Task prompt →
From the entries below, reproduce exactly the lines from the one with "Garanta roupas limpas, macias" through the one with "Lilly Pulitzer PJ", both included, without images.

Entries provided →
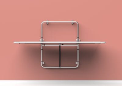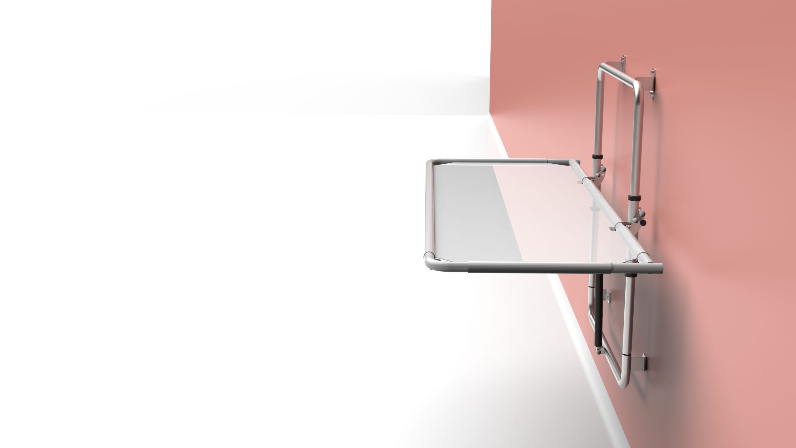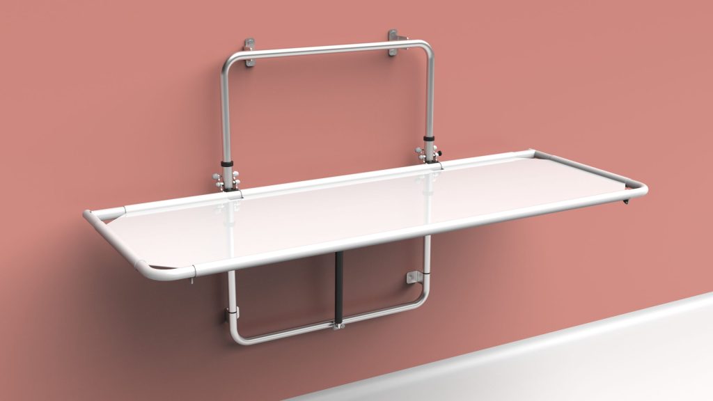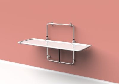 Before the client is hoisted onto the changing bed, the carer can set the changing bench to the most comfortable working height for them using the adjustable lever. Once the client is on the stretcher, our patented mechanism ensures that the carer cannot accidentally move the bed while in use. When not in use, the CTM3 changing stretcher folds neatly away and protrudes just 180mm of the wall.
---
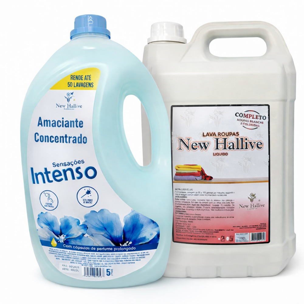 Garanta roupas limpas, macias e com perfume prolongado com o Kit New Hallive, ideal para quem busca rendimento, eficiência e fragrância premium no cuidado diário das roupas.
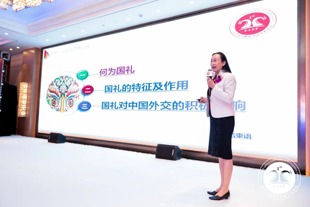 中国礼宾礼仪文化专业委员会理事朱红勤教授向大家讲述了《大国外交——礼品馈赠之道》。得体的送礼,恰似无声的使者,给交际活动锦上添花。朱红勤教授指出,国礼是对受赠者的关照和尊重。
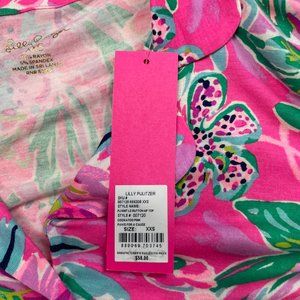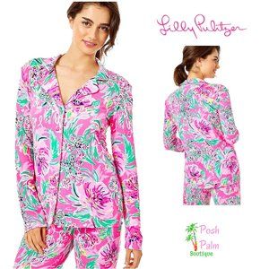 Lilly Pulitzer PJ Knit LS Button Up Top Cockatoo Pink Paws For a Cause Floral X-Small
* * *
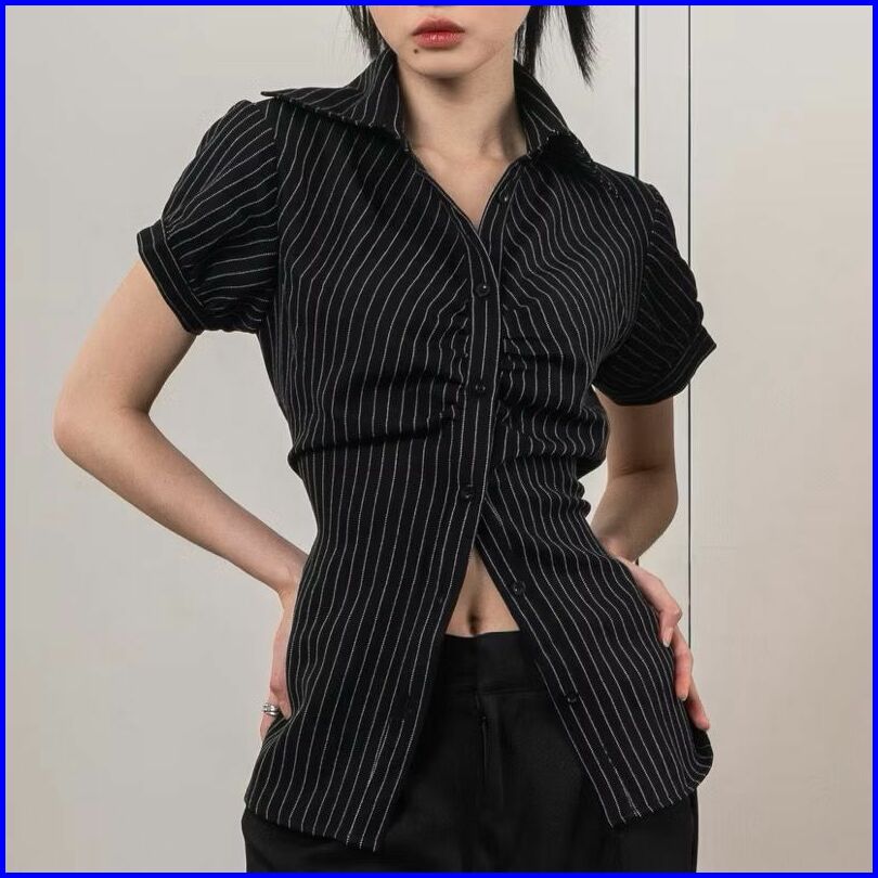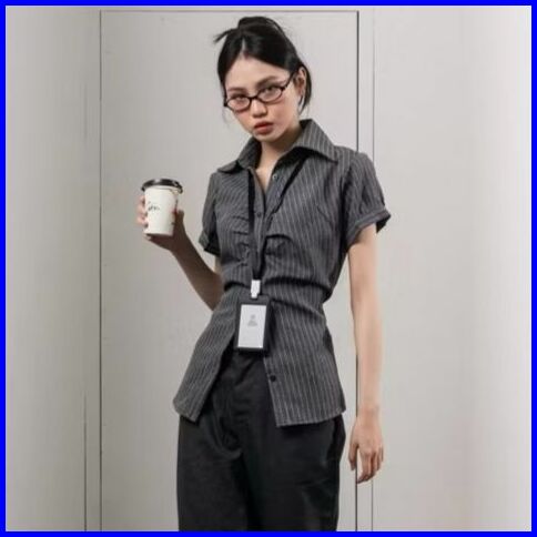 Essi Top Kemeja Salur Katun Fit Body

Task answer →
 Garanta roupas limpas, macias e com perfume prolongado com o Kit New Hallive, ideal para quem busca rendimento, eficiência e fragrância premium no cuidado diário das roupas.
 中国礼宾礼仪文化专业委员会理事朱红勤教授向大家讲述了《大国外交——礼品馈赠之道》。得体的送礼,恰似无声的使者,给交际活动锦上添花。朱红勤教授指出,国礼是对受赠者的关照和尊重。
 Lilly Pulitzer PJ Knit LS Button Up Top Cockatoo Pink Paws For a Cause Floral X-Small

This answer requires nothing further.